I guess you're right. I forgot to mention there are 12 composed indexes
on the largest (and not deleted) table B, having about 14.000.000 rows
and 1 GB of data. I'll try to dump/reload the database ...

t.v.

Re: serious problems with vacuuming databases

From
Tomas Vondra
Date:
> I guess you're right. I forgot to mention there are 12 composed indexes
> on the largest (and not deleted) table B, having about 14.000.000 rows
> and 1 GB of data. I'll try to dump/reload the database ...

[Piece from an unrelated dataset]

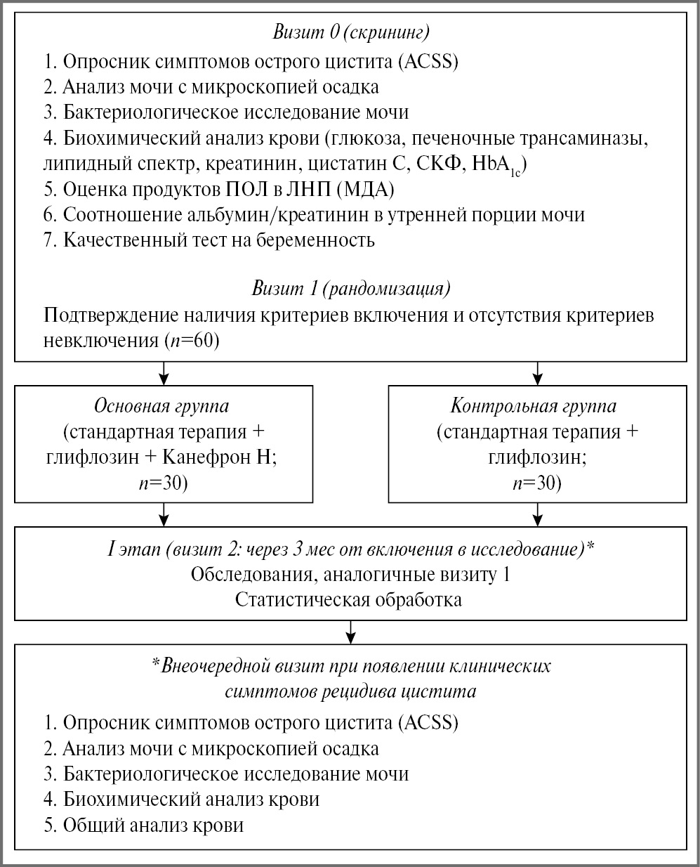 В исследование включены 60 женщин в возрасте 18–75 лет (медиана возраста 66 [60, 5; 72] лет) с СД 2, получавших иНГЛТ-2 и имевших в анамнезе рецидивирующий цистит в фазе ремиссии (рис. 1). Период исследования – 6 мес (I этап: 3 мес терапии препаратом Канефрон® Н и II этап: 3 мес последующего наблюдения). Проведена простая рандомизация «конвертным» методом, пациенткам основной группы (n=30) дополнительно к стандартной терапии СД 2, включавшей глифлозин, назначен препарат Канефрон® Н по 2 таблетки 3 раза в день на 3 мес, пациенткам в контрольной группе (n=30) – только стандартная терапия СД 2, включавшая глифлозин. В статье представлены результаты I этапа исследования (терапия препаратом Канефрон® Н непрерывно в течение 3 мес).

Aaargh, the problem probably is not caused by the largest table, as it
was dropped, filled in with the data and after that all the indexes were
created. The problem could be caused by the tables with deleted data, of
course.

t.v.

Re: serious problems with vacuuming databases

From
Alvaro Herrera
Date:
Tomas Vondra wrote:
> > Probably the indexes are bloated after the vacuum full.  I think the
> > best way to get rid of the "fat" is to recreate both tables and indexes
> > anew.  For this the best tool would be to CLUSTER the tables on some
> > index, probably the primary key.  This will be much faster than
> > VACUUMing the tables, and the indexes will be much smaller as result.
>
> I guess you're right. I forgot to mention there are 12 composed indexes
> on the largest (and not deleted) table B, having about 14.000.000 rows
> and 1 GB of data. I'll try to dump/reload the database ...

Huh, I didn't suggest to dump/reload.  I suggested CLUSTER.  You need to
apply it only to tables where you have lots of dead tuples, which IIRC
are A, C and D.

--
Alvaro Herrera                                http://www.CommandPrompt.com/
The PostgreSQL Company - Command Prompt, Inc.

Re: serious problems with vacuuming databases

From
Tomas Vondra
Date:
> Huh, I didn't suggest to dump/reload.  I suggested CLUSTER.  You need to
> apply it only to tables where you have lots of dead tuples, which IIRC
> are A, C and D.

Sorry, I should read more carefully. Will clustering a table according
to one index solve problems with all the indexes on the table (if the
table has for example two indexes?).

t.v.

Re: serious problems with vacuuming databases

From
Alvaro Herrera
Date:
Tomas Vondra wrote:
> > Huh, I didn't suggest to dump/reload.  I suggested CLUSTER.  You need to
> > apply it only to tables where you have lots of dead tuples, which IIRC
> > are A, C and D.
>
> Sorry, I should read more carefully. Will clustering a table according
> to one index solve problems with all the indexes on the table (if the
> table has for example two indexes?).

Yes, it will rebuild all indexes.

--
Alvaro Herrera                                http://www.CommandPrompt.com/
The PostgreSQL Company - Command Prompt, Inc.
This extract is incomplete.